Goal of the exercise: Reproduce exactly the lines below from the one containing "The Mickey’s Very" through the one containing "น้องใหม่วัดใจค่ะ//พระรอด หลวงพ่อแพ วัดพิกุลทอง", including both, and nothing else.

Available records:
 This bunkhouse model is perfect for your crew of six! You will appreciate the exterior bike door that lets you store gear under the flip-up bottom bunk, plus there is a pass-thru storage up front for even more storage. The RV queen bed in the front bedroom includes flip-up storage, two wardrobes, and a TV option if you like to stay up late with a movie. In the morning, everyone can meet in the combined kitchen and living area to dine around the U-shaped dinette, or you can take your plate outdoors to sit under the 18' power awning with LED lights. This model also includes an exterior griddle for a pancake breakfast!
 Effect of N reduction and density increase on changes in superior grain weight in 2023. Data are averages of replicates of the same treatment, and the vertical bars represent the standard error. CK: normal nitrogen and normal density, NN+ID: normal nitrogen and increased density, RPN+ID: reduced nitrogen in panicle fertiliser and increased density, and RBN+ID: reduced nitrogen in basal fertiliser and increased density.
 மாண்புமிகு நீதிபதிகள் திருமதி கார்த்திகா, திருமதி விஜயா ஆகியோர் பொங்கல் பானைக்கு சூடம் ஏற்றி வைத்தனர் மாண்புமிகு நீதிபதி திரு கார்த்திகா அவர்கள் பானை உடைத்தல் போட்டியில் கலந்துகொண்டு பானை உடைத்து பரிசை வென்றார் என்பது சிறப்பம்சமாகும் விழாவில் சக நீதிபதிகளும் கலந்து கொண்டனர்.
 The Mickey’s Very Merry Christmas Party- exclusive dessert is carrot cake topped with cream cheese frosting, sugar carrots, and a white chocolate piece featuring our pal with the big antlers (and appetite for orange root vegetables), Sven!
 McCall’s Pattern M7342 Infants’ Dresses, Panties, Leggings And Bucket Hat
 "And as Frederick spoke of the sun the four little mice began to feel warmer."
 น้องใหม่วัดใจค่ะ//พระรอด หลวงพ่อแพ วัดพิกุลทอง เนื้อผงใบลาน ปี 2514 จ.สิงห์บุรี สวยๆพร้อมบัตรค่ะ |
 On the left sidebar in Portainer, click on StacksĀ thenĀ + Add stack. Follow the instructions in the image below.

...

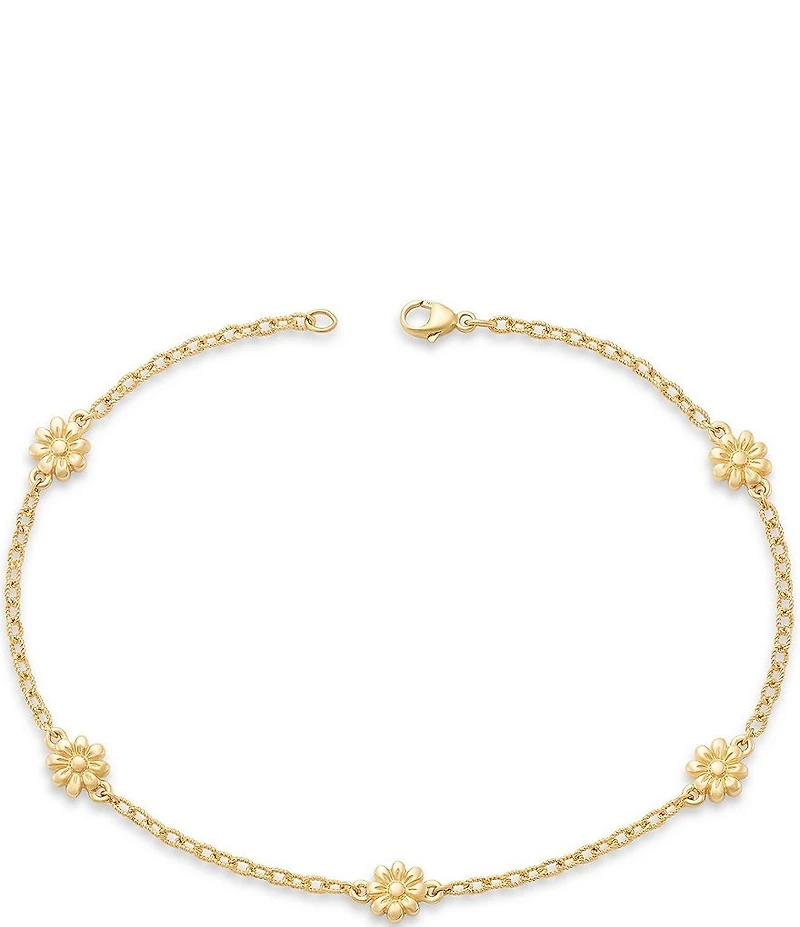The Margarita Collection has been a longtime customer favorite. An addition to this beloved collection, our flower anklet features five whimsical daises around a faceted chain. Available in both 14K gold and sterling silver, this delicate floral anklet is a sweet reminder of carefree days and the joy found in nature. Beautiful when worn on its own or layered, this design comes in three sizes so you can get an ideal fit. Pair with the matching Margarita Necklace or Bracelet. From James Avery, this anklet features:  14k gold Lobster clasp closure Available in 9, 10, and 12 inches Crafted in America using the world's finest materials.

Result for this exercise:
 The Mickey’s Very Merry Christmas Party- exclusive dessert is carrot cake topped with cream cheese frosting, sugar carrots, and a white chocolate piece featuring our pal with the big antlers (and appetite for orange root vegetables), Sven!
 McCall’s Pattern M7342 Infants’ Dresses, Panties, Leggings And Bucket Hat
 "And as Frederick spoke of the sun the four little mice began to feel warmer."
 น้องใหม่วัดใจค่ะ//พระรอด หลวงพ่อแพ วัดพิกุลทอง เนื้อผงใบลาน ปี 2514 จ.สิงห์บุรี สวยๆพร้อมบัตรค่ะ |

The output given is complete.